Experts weigh in on decision striking down Obamacare

John wrote last night about the ruling by a federal judge in Texas that Obamacare is unconstitutional in its entirety. Judge Reed O’Connor reasoned: (1) because Congress has repealed the penalty assessed against those who decline to buy health insurance, the Individual Mandate can no longer be fairly read as an exercise of Congress’s Tax Power; (2) because the Individual Mandate could only be justified constitutionally as an exercise of the Tax Power, the Mandate is now unconstitutional; (3) because the Individual Mandate is “inseverable” from the entirety of Obamacare, the entire Act must fall.

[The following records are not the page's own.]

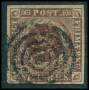 1852. 4 RBS rødbrun med ST i Post sammenhængende. Sign. Wahl.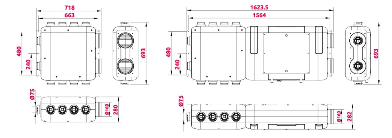 Produkt eliminuje konieczność stosowania tradycyjnych skrzynek rozdzielczych, co ułatwia montaż i pozwala na swobodne umiejscowienie w dowolnym punkcie systemu. Może być zespolony z centralą lub umieszczony w odległości, połączony kanałami Ø160 mm (wersja VARR75-160K).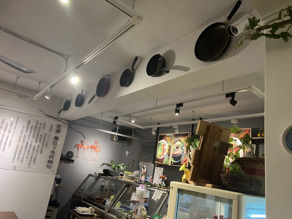 路地の角に、すっと馴染んだ小さな店。入ると、フライパンやテーブルを再利用したディスプレイが目に入ります。店長さん(宜蘭出身)に聞いたら、使えなくなった道具を捨てずに“第二の居場所”へ——環境への気づかいがさりげなくて素敵。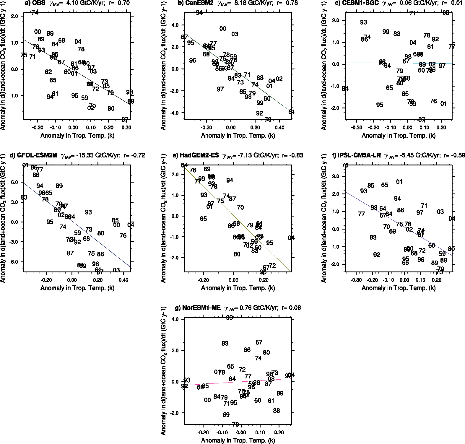 Fig. 251 Correlations between the interannual variability of global co2flux (nbp+fgco2) and tropical temperature for the individual CMIP5 models using esmHistorical simulations, and for observations.#

Professor Josh Blackman has followed closely the long war over the constitutionality of Obamacare. In this thread, he provides a close analysis of Judge O’Connor’s decision. In this post for the Volokh Conspiracy, he places the decision in the broader context of Obamacare litigation. He also states his disagreement with the judge’s conclusion that the Individual Mandate is not severable.

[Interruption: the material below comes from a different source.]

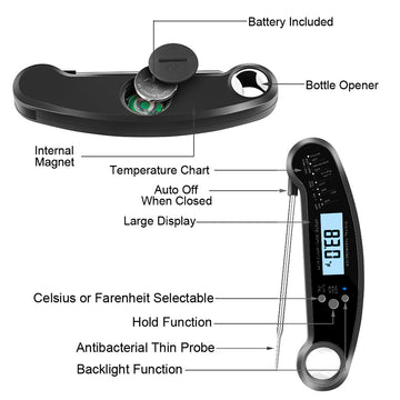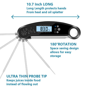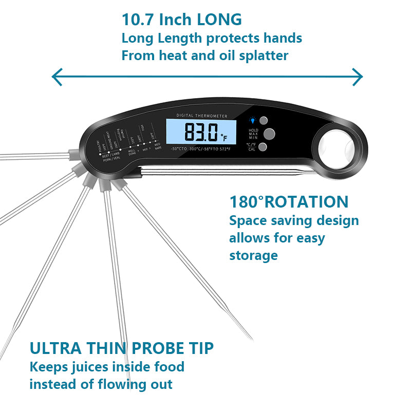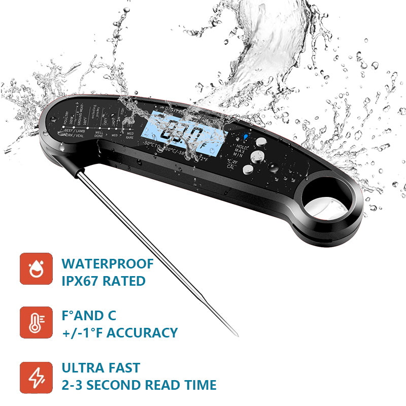 2–3 Sekunden schnelle Temperaturmessung, Genauigkeit ±1 °F, Temperaturbereich –58 °F bis 572 °F. Dieses Fleischthermometer mit Sofortanzeige ist Ihr unverzichtbares Küchengerät und eignet sich zum Messen der Temperatur aller Arten von Kochthermometern.

Ilya Somin and Jonathan Adler, writing in separate posts at the Volokh Conspiracy, agree with Blackman that Judge O’Connor got it wrong on severability. Adler is convinced the ruling will not survive appeal. Somin believes it won’t, but is less confident of this than Adler.

What if Judge O’Connor’s view prevails and Obamacare is deemed unconstitutional? Blackman, who seems to find this outcome not all that unlikely, writes:

If the Supreme Court were to hold that the law’s GI and CR provisions were unconstitutional, I suspect that Congress would re-enact those provisions with broad bipartisan support. There is no constitutional problem with Congress enacting these standalone insurance reforms, without the mandate. Indeed, to avoid any disruption, the Supreme Court could delay its ruling by a single tax year to give Congress a chance to act. (Justice Alito floated this option during oral arguments in King v. Burwell.)

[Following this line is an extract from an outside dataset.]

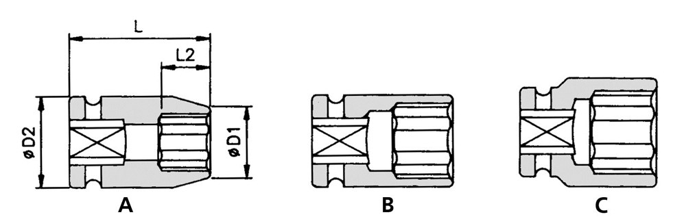 Slagdoppen 1/2" vierkant - 12-kant diep

Moreover, states can enact their own GI [guaranteed issue] and CR [community rating] provisions as a fall back in the event that Texas is victorious. Many states already have restrictions that are more protective of those under the ACA. Finally, unlike with King v. Burwell, where states were at risk of losing millions in federal funding, here the states can be proactive and ensure no gaps in coverage. In other words, now that Congress zeroed out the penalty, the political fallout from a decision declaring that GI and CR were also unconstitutional would likely be short-lived.

Short-lived, maybe. Intense, certainly.